Zimne, zielone oczy zabłysły i Krotosz pospiesznie zaprzestał kpin. Pamiętał, jak na Tragance, wiele lat temu, dri deoneme ni z tego ni z owego wpadł w szał. Zanim niewolnicy zdołali go powstrzymać, wyrżnął na oślep dobry tuzin błagalników bogini.

Skrzydłoń wciąż drzemał na słońcu. Gromadka gapiów przyglądała mu się ciekawie z drugiej strony ulicy. Mógłby kark skręcić jednym uderzeniem skrzydeł, pomyślał Krotosz, z trwogą dotykając grzbietu zwierzęcia. Skrzydłoń zaświergolił, odsłaniając rzędy ostrych zębów, bursztynowe ślepia spoglądały na Krotosza poprzez długie rzęsy. Kapłan szybko cofnął rękę.
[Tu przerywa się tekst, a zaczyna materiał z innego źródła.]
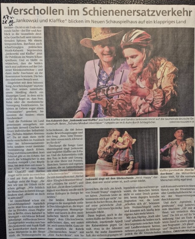und davon bekommt das Neue Schauspielhaus 1440,00 € ab. Wir danken herzlich Expert-Hanse-Verbund Uelzen und Peter Jäckel, Kommunikationssystem, Uelzen für ihre Entscheidung, das Theater an der Rosenmauer einmal mehr großzügig zu unterstützen. Hier der Artikel der AZ vom 03.09.2025:

Toboły Szarki były zadziwiająco ciężkie, lecz nim zdołał o cokolwiek spytać, dziewczyna wydarła mu je z rąk i zniknęła za parawanem.

Kiedy wychynęła z powrotem, odziana była prawie jak jedna z najemniczek, co się ostatnimi czasy ze wszech stron zbiegały do Spichrzy, zwabione wieściami o rychłej wojnie. Wdziała na grzbiet coś niby nabijaną ćwiekami tunikę, brudną i osmaloną, aż strach brał. Nosiła też dwa zakrzywione miecze w czarnych pochwach, podobne owym szabelkom, w których Servenedyjki się lubują, choć bardziej okazałe. Nogi miała w wąskich, skórzanych nogawicach, biodra ledwo przesłonięte postrzępioną spódniczką. Południowym zwyczajem, powieki barwiczką umalowała, a omotana na szyi chustka kłuła oczy czystym szkarłatem.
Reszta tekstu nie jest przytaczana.